At the time of writing, the EUR/USD trades at the 1.0915 area, posting a 0.65% daily loss, after printing its highest level in nine months at 1.1085. At the same time, the U.S. dollar managed to stage a noticeable rebound as its DXY index gained 0.5%, around 101.70.
The ECB decided to raise its main interest rates by 50 bps, being the highest level since November 2008 for the deposit facility rate, which now stands at 2.5%. The monetary policy statement confirmed another 50 bp hike in March, but during the press conference, Lagarde only committed to a “strong intent” and limited the hawkish tone. A dovish tilt was also perceived as the inflation risk was described as more balanced, with consumer inflation coming down from cycle highs while economic activity is doing better than expected.
On the other hand, the dollar recovered across the board on Thursday, trimming post-Fed losses. At the same time, markets continued to cheer Jerome Powell’s confirmation that the disinflationary process has begun as U.S. bond yields continued to fall.

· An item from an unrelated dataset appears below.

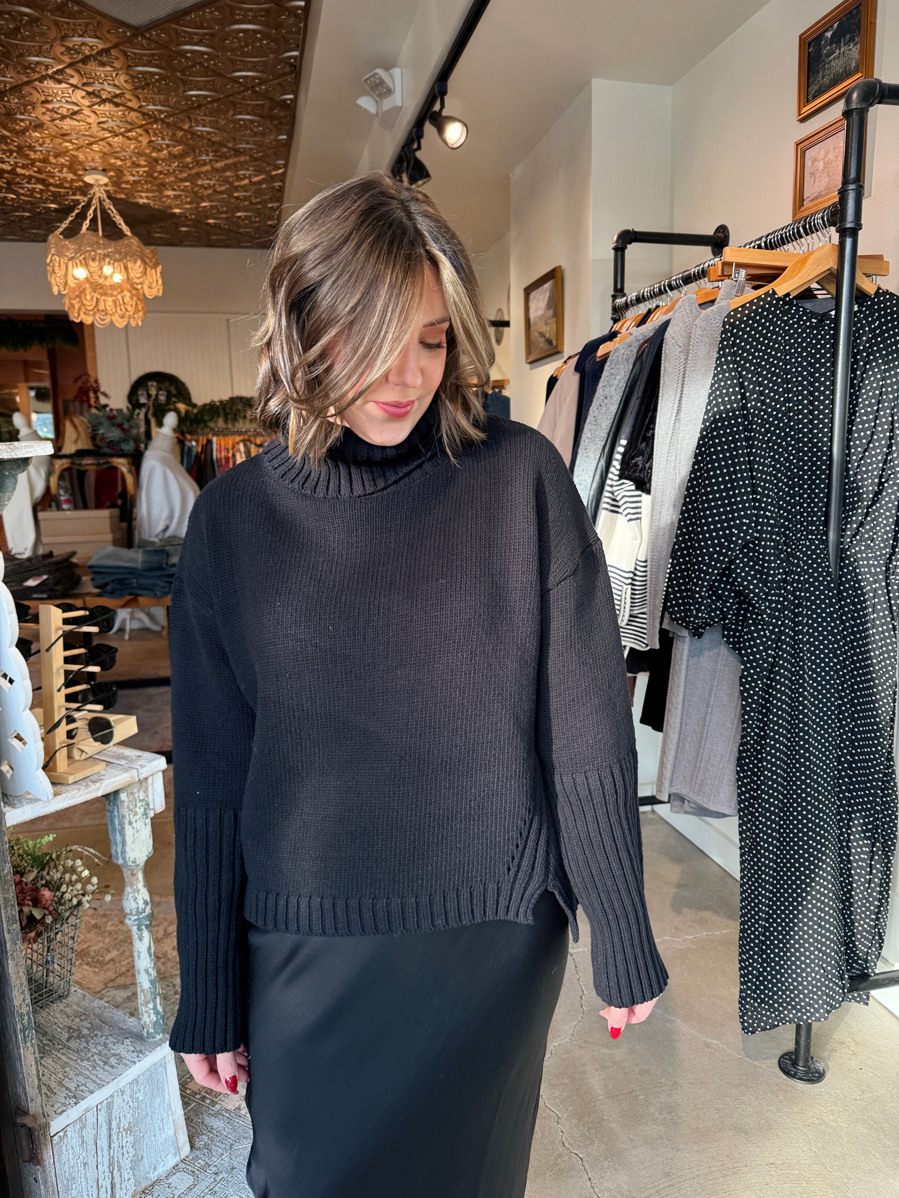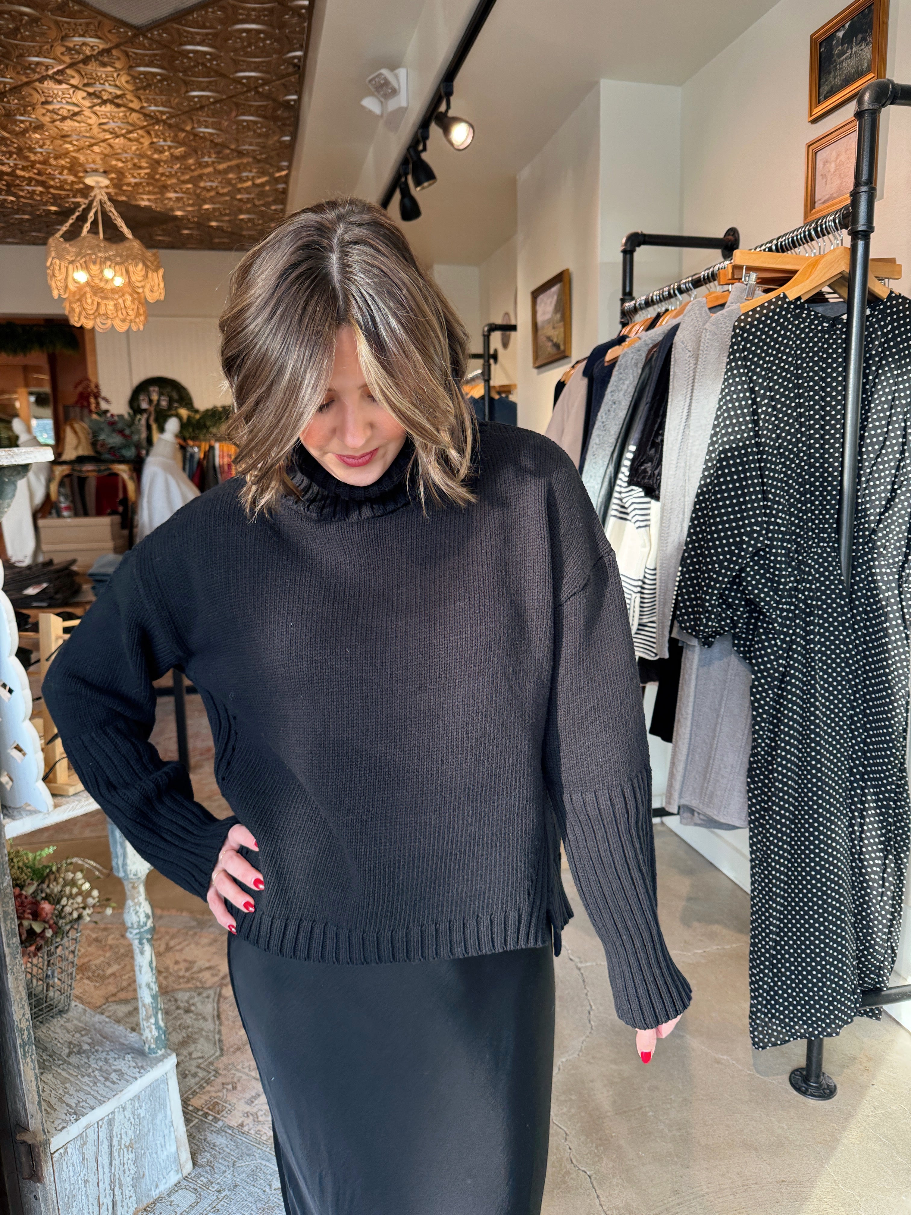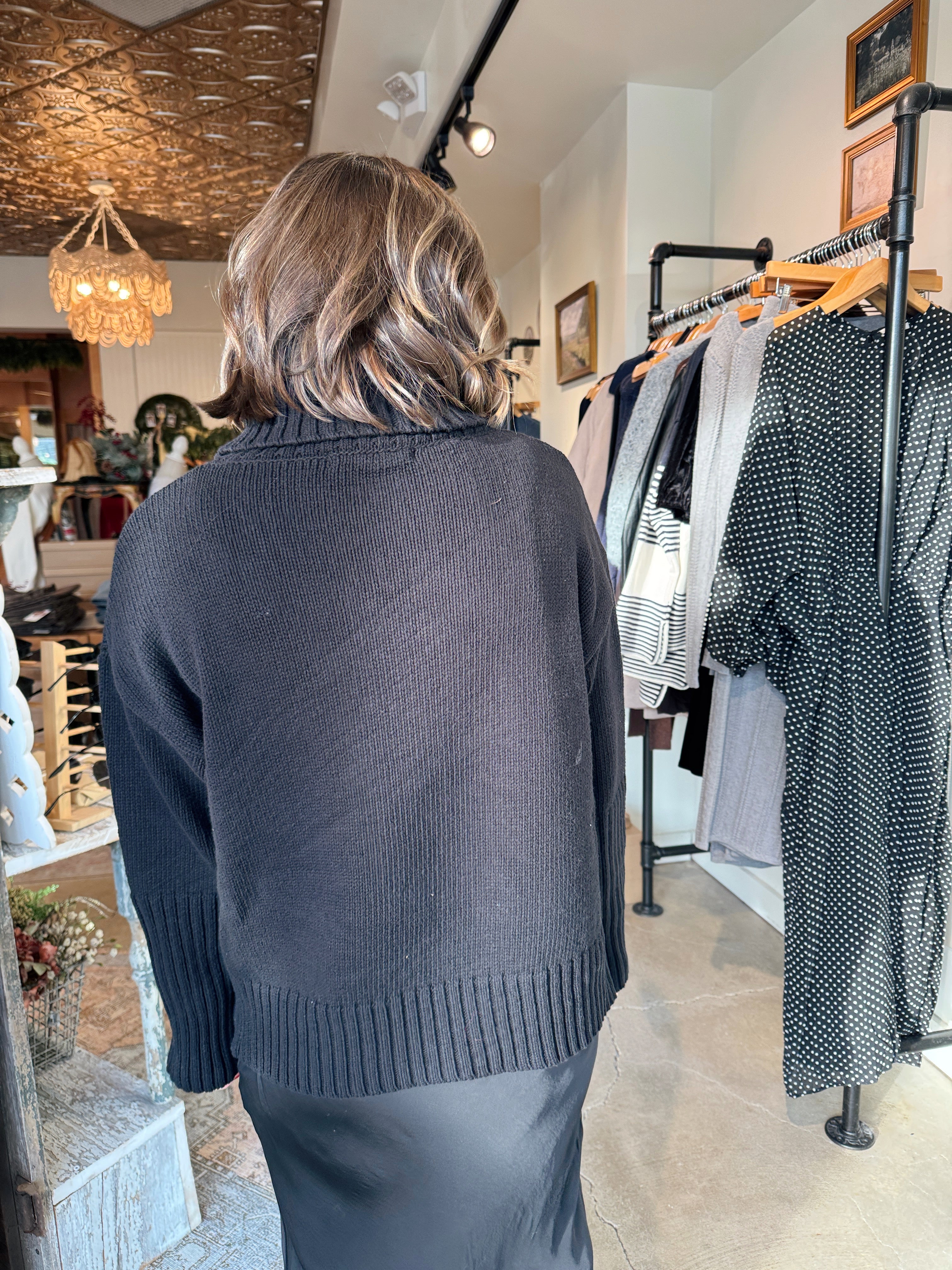 The Hallie sweater is one of those effortless staples you’ll reach for again and again. Designed in a classic black, this medium-weight knit features a cozy turtleneck, relaxed drop shoulders, and long sleeves for that perfectly slouchy-but-polished look. Easy to dress up or down, it’s the kind of sweater that works just as well with denim and boots as it does layered over trousers for a more elevated feel.

However, they ended the day away from lows, while the Wall Street indexes extended gains except for the Dow Jones Industrial Average, which closed nearly flat.
On Friday, the nonfarm payrolls report will be release, with expectations pointing to a 185,000 job increase in January.
From a technical standpoint, the EUR/USD maintains the short-term bullish bias, with the price hovering near multi-month highs and above its main moving averages. At the same time, indicators remain in positive territory despite losing some bullish momentum.
On the upside, the following resistance levels are seen at 1.1035 and the 1.1085 high, followed by the 1.1100 psychological area. On the flip side, support levels could be found at 1.0880, and the 20-day simple moving average at 1.0832.